Meeting of the Parliament (Virtual) 26 January 2021
At decision time, the Scottish Green Party will support the general principles of the bill, which is what we will be voting on. The bill might not be the finished article, but we have heard from Mr Paterson that he is more than happy to engage with others to provide clarification.
The bill is about the defence having access to a post mortem rather than having to rely exclusively on the one that is provided by the Crown Office and Procurator Fiscal Service. Crucially, it is about timing. We are told by the Crown Office that it takes, on average, 14 days before it can send the result of a PM to the defence. Could that be improved? There are issues relating to the number of forensic pathologists and to conflict.
Mr Paterson is to be commended, because his work has driven the creation of the protocol, but it is not the finished article. The cabinet secretary talked about—I hope that I am quoting him correctly—the success of the protocol. First and foremost, it is a protocol, not a legislative requirement.
I take issue with the cabinet secretary saying that Mr Paterson’s proposal will give defence agents little choice but to go ahead with a post mortem. Our legal system is full of time restraints and requirements, and I think more of defence agents than that.
It was suggested that an accused might be a family member of the deceased, but we must deal with such situations at the moment. The idea that the bill will have no merit because of issues relating to the disclosure of such information seems to be entirely fanciful.
I take a rights-based approach. When Mr Paterson approached me—I should declare that I am a signatory to the bill—my initial concern was that I did not want the bill to do anything that would deny the defence the opportunity to have full access to all evidence that could be exculpatory, and I am entirely satisfied that it does not. In his letter to the committee, Mr Paterson told us that no other jurisdiction has such an open-ended approach.
The shortage of pathologists should be dealt with. We know that there are shortages of professionals in various fields, and that that can give rise to a conflict of interests.
Some members have alluded to the Law Society’s evidence. I thought that its comments about video evidence and “best evidence”, which is a legal term, were very good.
In the brief time that I have left, I want to talk about parliamentary scrutiny, which has been entirely back to front in this instance. The proposer of the bill is the last person whom the committee should see, not the first person. We should hear from the member after we have heard and addressed concerns.
I know full well the work that has gone into the bill. I do not doubt that there are some genuine concerns, but the bill is a worthwhile proposal. It would cause detriment to no one; it is about enhanced practice. The bill should not fall because of the administrative process of scrutiny or, in this instance, a lack of scrutiny.
Other members have alluded to the situation with Claire Baker’s Culpable Homicide (Scotland) Bill, which was debated last week. That was another bill that sought to directly address widespread public concerns.
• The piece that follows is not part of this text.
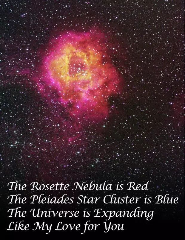 NGC 2237星云可能是全宇宙最浪漫的星云——它又称“玫瑰星云”,像一朵巨大的玫瑰绽放在宇宙中。上面这首诗由史蒂夫·萨沙(Steve Sartha)和克里斯·英(Chris Ing)创作,用天文学中的意象表达了浓浓的爱意。

I agree with Mr Paterson that agreeing to the general principles of the bill does not imply that it should be passed at stage 3; rather, it confirms that the proposal is a good idea that is worthy of further examination. That there might not be time or capacity to carry out that examination does not suddenly negate the bill’s merits. It is the merits of the proposal, not our procedures, that we are adjudicating on at decision time. The bill is a sound proposal, and I urge members to support it at decision time.